ENTRIES PROVIDED:
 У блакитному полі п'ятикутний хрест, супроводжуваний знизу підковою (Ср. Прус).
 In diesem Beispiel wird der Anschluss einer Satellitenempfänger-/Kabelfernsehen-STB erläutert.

* * *

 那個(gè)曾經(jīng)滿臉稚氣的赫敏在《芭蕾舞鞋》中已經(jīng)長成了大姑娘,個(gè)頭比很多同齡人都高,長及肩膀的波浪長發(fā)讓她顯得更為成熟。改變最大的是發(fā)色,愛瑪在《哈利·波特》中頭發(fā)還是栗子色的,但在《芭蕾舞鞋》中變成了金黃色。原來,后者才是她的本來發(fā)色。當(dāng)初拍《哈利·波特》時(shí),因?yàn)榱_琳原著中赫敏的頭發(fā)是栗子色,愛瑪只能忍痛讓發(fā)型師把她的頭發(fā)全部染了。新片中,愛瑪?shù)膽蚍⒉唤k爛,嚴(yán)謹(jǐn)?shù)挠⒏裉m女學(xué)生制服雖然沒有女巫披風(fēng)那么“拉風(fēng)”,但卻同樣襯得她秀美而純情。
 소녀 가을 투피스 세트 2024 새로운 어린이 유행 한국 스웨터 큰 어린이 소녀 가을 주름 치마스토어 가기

--

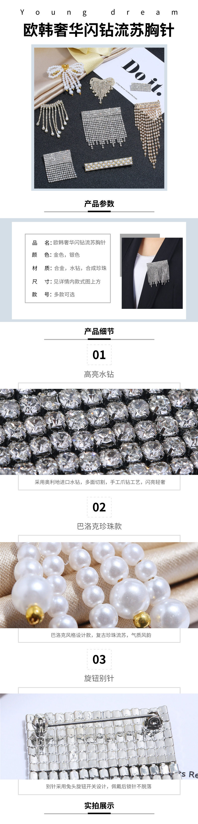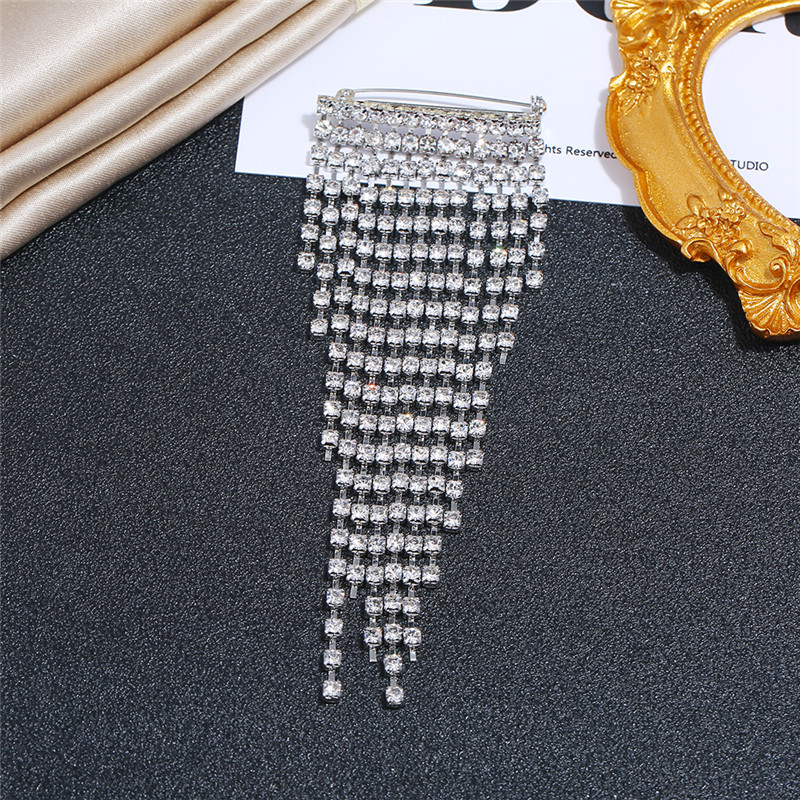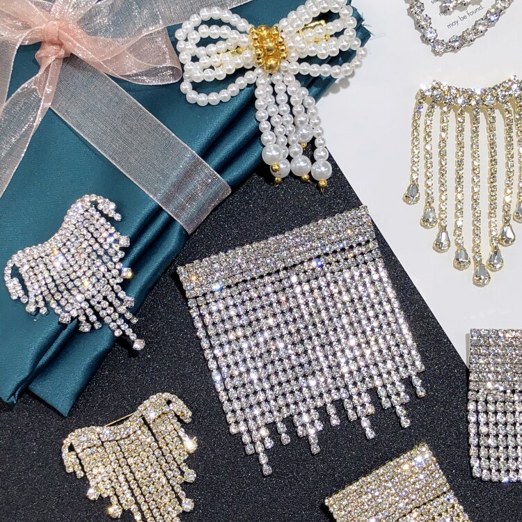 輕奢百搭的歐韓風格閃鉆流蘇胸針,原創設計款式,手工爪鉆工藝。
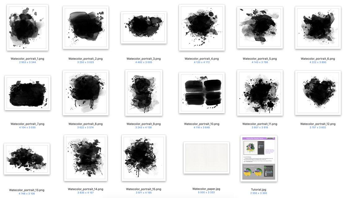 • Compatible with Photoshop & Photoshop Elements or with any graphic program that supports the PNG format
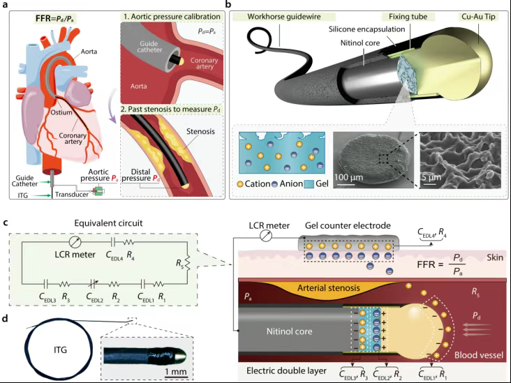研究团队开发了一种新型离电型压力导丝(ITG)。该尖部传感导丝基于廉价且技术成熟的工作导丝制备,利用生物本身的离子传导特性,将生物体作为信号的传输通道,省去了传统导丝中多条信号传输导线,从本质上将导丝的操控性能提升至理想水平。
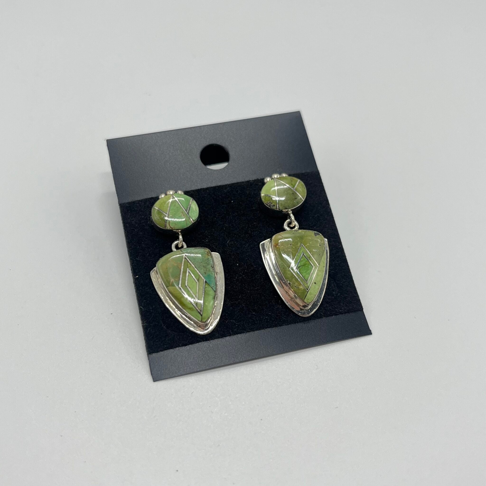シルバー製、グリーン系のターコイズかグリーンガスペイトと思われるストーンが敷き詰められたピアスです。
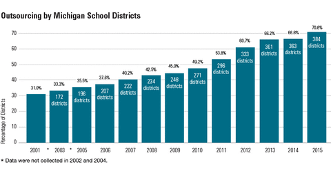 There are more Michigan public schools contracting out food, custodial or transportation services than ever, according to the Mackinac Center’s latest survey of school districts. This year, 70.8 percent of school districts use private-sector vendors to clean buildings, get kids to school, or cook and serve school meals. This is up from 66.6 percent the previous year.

INSTRUCTIONS TO FOLLOW: Given the data above, transcribe exactly the lines from the one containing "У блакитному полі" down to the one containing "In diesem Beispiel", and no others.

FINISHED EXERCISE:
 У блакитному полі п'ятикутний хрест, супроводжуваний знизу підковою (Ср. Прус).
 In diesem Beispiel wird der Anschluss einer Satellitenempfänger-/Kabelfernsehen-STB erläutert.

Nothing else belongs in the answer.